LISTED ENTRIES:
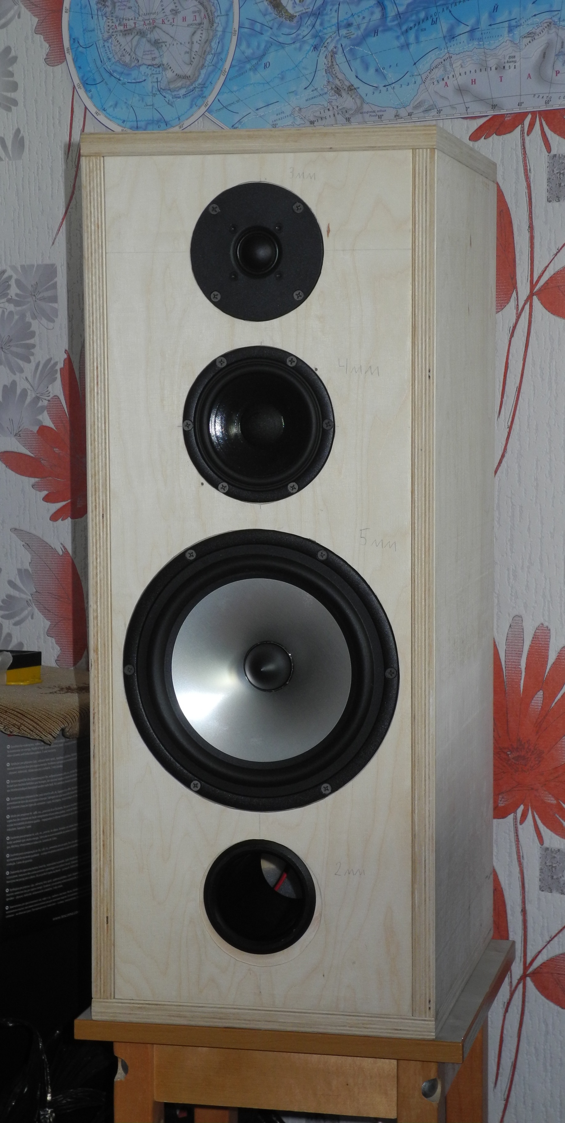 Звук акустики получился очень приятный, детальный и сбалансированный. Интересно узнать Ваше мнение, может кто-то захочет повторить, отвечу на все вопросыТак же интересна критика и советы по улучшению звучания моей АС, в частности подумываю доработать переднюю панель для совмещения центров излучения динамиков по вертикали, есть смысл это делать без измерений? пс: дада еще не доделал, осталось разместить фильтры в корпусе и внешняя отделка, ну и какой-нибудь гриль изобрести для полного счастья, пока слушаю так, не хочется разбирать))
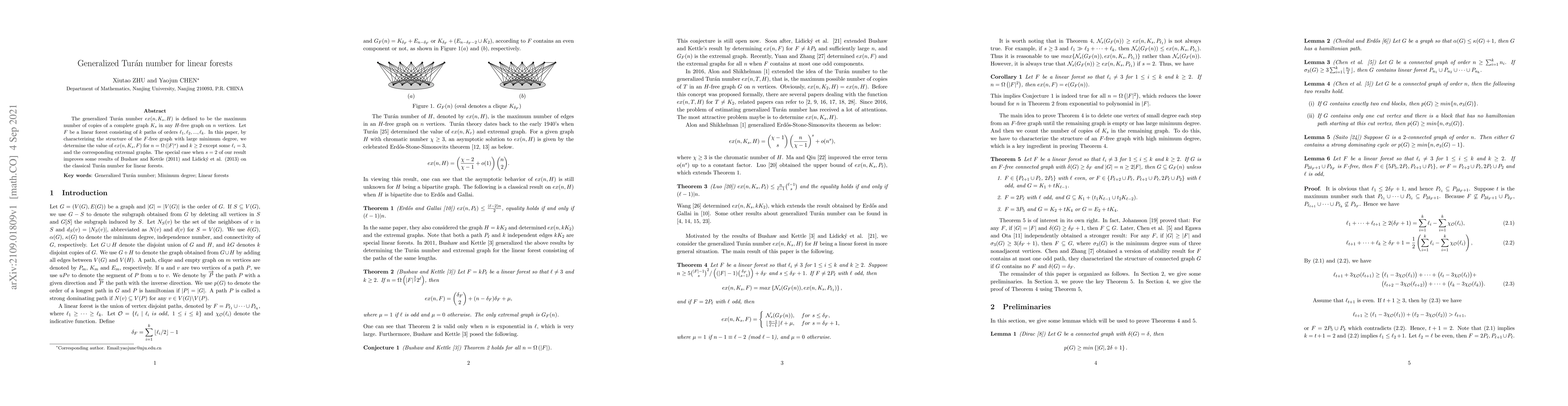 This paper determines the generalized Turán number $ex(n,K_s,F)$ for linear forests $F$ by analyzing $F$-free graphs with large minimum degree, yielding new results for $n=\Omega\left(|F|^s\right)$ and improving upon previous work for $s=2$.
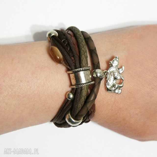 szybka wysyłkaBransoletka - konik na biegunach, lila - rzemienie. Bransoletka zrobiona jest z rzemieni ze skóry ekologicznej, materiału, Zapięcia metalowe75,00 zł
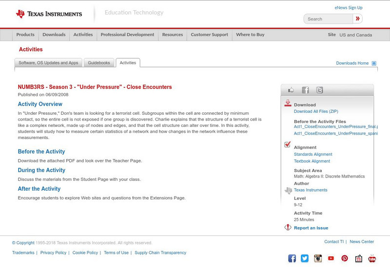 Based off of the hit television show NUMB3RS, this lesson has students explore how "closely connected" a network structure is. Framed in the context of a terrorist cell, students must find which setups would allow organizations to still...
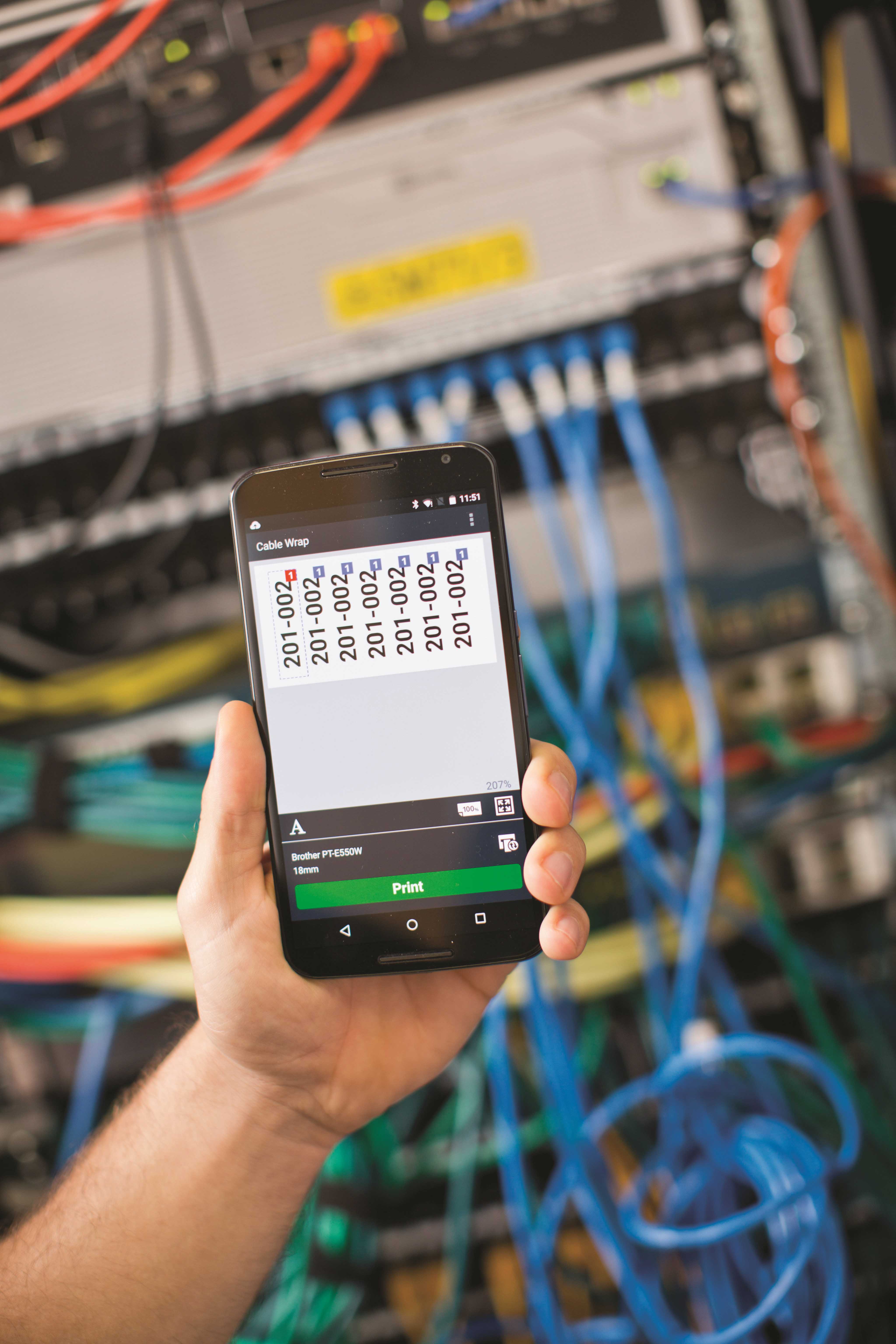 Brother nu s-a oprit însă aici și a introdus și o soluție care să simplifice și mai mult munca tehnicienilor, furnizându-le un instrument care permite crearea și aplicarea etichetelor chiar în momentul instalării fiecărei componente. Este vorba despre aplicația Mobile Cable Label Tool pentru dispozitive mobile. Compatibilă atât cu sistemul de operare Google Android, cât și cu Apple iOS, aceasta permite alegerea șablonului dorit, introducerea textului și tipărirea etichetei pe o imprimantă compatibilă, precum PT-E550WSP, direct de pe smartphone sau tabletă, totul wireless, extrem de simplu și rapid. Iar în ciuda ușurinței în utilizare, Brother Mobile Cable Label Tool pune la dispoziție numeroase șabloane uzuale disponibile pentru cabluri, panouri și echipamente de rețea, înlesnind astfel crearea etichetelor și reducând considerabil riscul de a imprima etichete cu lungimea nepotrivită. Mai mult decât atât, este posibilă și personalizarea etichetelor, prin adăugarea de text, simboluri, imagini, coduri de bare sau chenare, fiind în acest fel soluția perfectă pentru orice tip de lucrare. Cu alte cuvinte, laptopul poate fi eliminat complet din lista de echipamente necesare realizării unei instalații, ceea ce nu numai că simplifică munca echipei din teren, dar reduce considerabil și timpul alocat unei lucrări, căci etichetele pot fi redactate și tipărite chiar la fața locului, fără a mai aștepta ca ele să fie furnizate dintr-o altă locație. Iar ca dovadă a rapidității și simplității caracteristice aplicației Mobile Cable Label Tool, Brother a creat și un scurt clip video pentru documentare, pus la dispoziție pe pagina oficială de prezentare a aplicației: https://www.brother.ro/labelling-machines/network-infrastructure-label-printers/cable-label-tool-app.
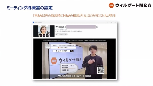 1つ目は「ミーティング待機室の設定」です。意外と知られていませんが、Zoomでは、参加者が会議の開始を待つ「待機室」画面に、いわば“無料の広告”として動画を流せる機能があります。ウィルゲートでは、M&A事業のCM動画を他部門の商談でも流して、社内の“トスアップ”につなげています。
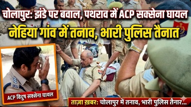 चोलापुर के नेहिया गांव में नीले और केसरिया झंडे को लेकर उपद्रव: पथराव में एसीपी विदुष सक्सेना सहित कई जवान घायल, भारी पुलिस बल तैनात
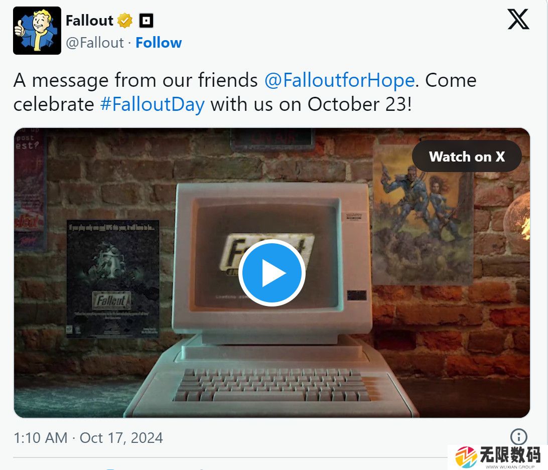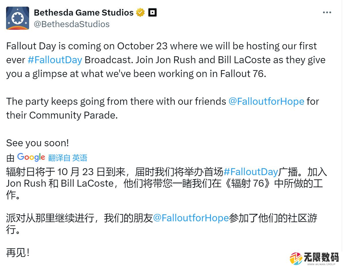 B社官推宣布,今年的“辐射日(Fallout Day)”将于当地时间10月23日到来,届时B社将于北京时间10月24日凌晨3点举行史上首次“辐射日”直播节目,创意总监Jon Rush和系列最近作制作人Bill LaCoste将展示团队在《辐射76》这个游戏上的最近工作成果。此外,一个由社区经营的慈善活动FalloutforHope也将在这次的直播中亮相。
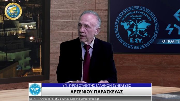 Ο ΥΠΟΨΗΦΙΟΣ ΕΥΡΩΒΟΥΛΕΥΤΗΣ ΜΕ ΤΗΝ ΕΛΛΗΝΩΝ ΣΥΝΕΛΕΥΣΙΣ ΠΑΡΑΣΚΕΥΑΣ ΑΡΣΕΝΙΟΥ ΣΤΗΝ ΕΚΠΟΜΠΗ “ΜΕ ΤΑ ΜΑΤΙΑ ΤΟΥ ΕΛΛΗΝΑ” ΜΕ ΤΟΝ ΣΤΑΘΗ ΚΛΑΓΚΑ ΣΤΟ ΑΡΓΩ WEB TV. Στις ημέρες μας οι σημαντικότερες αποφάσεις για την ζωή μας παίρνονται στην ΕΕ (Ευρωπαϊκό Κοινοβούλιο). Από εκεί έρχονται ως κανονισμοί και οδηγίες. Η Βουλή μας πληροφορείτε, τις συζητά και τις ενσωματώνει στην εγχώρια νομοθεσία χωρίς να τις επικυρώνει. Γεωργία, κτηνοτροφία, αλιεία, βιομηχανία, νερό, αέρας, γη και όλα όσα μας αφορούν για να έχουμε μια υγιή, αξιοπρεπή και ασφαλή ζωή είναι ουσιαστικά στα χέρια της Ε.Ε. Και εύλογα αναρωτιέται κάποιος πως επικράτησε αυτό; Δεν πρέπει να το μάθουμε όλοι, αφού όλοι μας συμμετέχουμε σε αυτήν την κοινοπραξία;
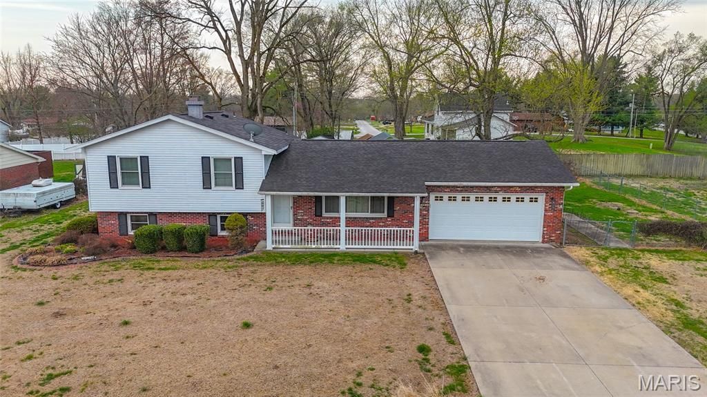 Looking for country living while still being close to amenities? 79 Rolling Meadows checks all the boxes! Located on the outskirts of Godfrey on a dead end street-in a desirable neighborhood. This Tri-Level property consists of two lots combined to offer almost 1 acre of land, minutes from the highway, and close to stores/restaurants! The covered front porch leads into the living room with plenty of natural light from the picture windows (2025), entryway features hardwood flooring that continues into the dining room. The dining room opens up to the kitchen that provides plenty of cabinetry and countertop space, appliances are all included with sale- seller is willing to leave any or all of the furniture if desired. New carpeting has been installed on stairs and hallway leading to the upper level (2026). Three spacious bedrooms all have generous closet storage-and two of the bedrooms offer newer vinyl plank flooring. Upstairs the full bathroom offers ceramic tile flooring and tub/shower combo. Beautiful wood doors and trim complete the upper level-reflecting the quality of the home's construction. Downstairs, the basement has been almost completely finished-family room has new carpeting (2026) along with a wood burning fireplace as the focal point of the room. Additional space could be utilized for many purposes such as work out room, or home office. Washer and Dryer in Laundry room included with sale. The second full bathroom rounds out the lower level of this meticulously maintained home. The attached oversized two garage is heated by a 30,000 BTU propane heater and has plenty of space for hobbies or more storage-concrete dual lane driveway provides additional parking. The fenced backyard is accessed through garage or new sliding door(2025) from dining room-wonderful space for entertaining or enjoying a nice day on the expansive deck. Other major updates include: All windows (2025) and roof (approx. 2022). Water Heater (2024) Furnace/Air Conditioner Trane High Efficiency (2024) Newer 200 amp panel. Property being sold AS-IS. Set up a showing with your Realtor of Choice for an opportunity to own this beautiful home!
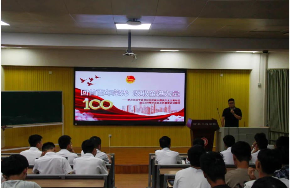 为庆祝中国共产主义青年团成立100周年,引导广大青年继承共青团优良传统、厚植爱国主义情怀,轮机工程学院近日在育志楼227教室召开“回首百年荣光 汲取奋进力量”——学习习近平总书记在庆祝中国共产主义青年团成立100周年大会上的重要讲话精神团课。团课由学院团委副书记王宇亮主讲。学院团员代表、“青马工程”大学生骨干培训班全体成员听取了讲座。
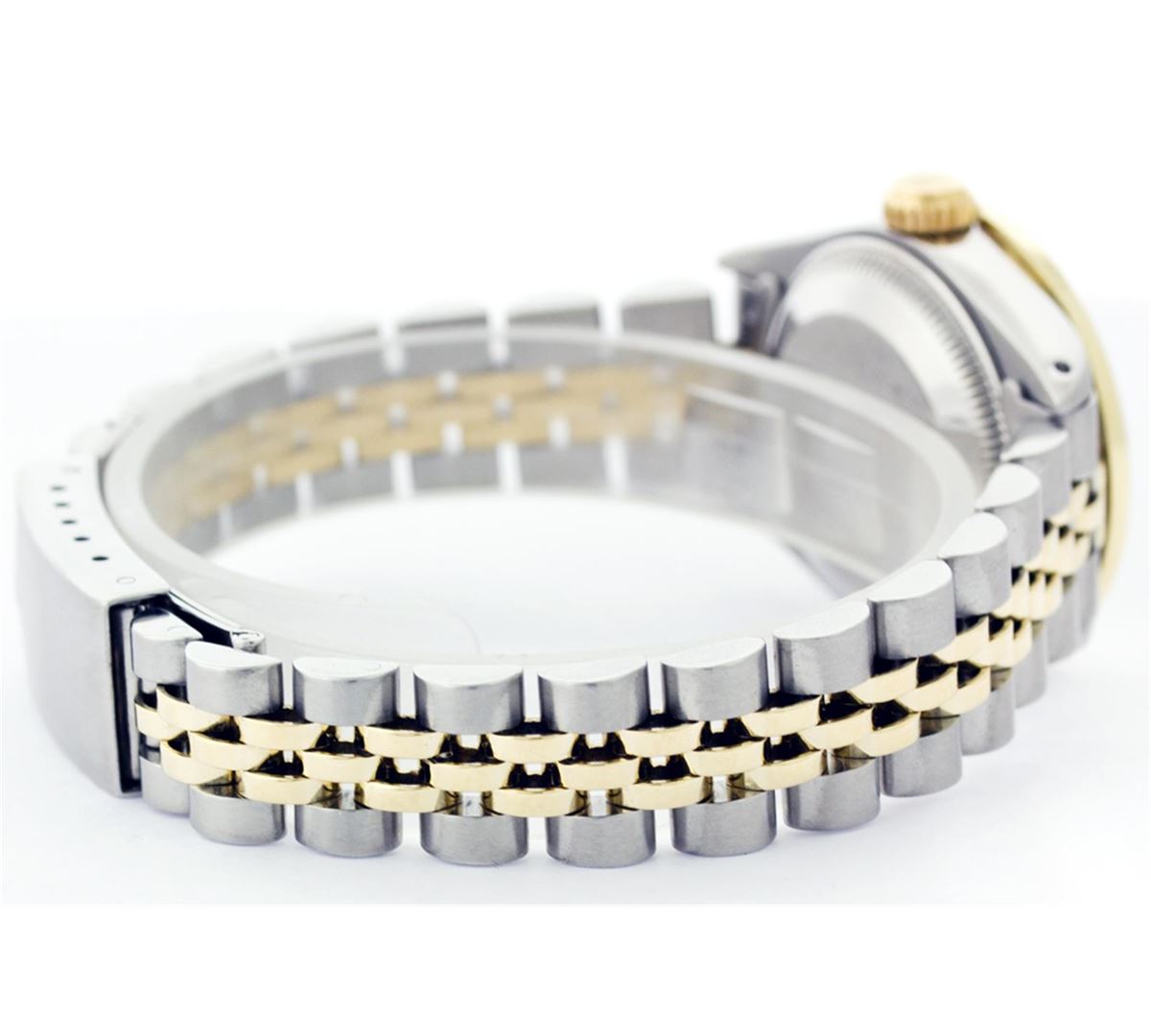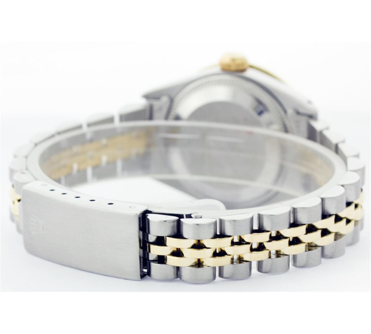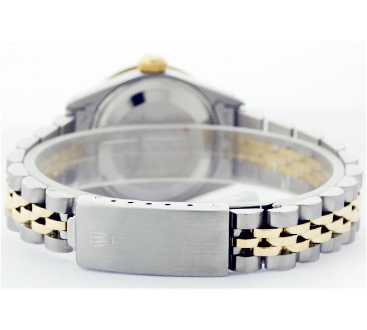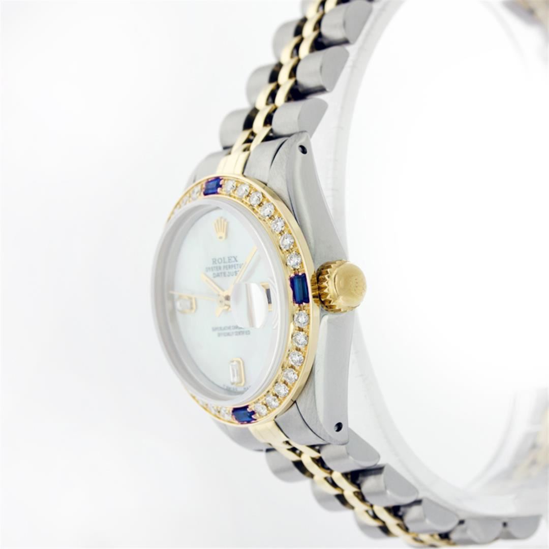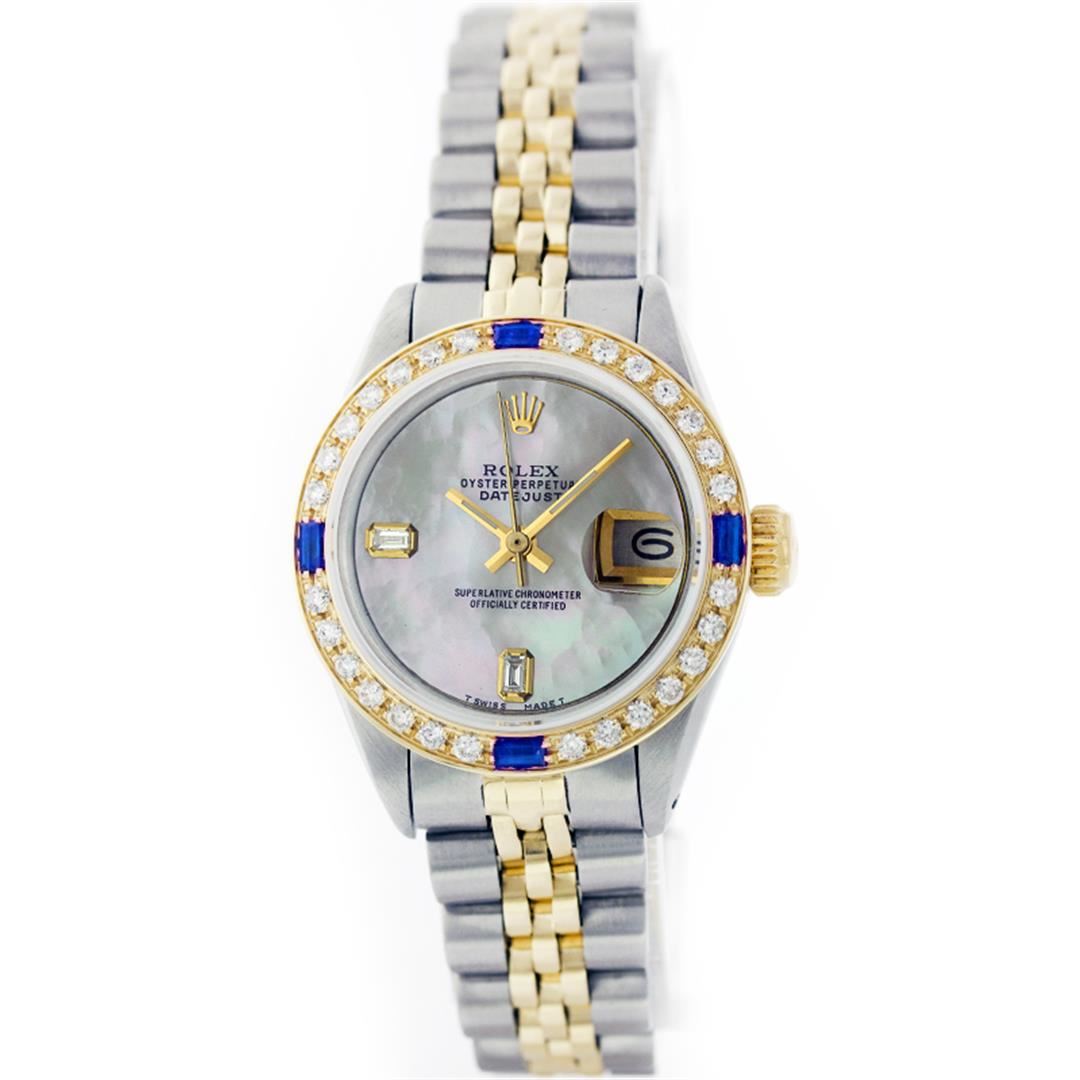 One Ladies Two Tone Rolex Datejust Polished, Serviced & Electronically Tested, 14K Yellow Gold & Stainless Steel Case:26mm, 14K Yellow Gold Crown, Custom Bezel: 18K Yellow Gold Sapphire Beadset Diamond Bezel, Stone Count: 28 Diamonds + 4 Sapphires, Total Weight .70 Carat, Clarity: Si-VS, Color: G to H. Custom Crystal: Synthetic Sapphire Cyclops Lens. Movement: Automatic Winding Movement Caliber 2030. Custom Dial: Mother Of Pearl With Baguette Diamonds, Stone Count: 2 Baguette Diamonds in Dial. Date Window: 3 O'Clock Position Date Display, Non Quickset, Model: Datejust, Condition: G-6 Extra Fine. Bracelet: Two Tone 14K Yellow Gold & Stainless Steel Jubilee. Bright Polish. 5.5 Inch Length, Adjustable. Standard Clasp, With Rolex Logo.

WHAT THE TASK ASKS:
The line containing "Based off of" marks the end: copy exactly every line from the start of the records up to and including it, leaving out the pictures.

EXERCISE RESPONSE:
 Звук акустики получился очень приятный, детальный и сбалансированный. Интересно узнать Ваше мнение, может кто-то захочет повторить, отвечу на все вопросыТак же интересна критика и советы по улучшению звучания моей АС, в частности подумываю доработать переднюю панель для совмещения центров излучения динамиков по вертикали, есть смысл это делать без измерений? пс: дада еще не доделал, осталось разместить фильтры в корпусе и внешняя отделка, ну и какой-нибудь гриль изобрести для полного счастья, пока слушаю так, не хочется разбирать))
 This paper determines the generalized Turán number $ex(n,K_s,F)$ for linear forests $F$ by analyzing $F$-free graphs with large minimum degree, yielding new results for $n=\Omega\left(|F|^s\right)$ and improving upon previous work for $s=2$.
 szybka wysyłkaBransoletka - konik na biegunach, lila - rzemienie. Bransoletka zrobiona jest z rzemieni ze skóry ekologicznej, materiału, Zapięcia metalowe75,00 zł
 Based off of the hit television show NUMB3RS, this lesson has students explore how "closely connected" a network structure is. Framed in the context of a terrorist cell, students must find which setups would allow organizations to still...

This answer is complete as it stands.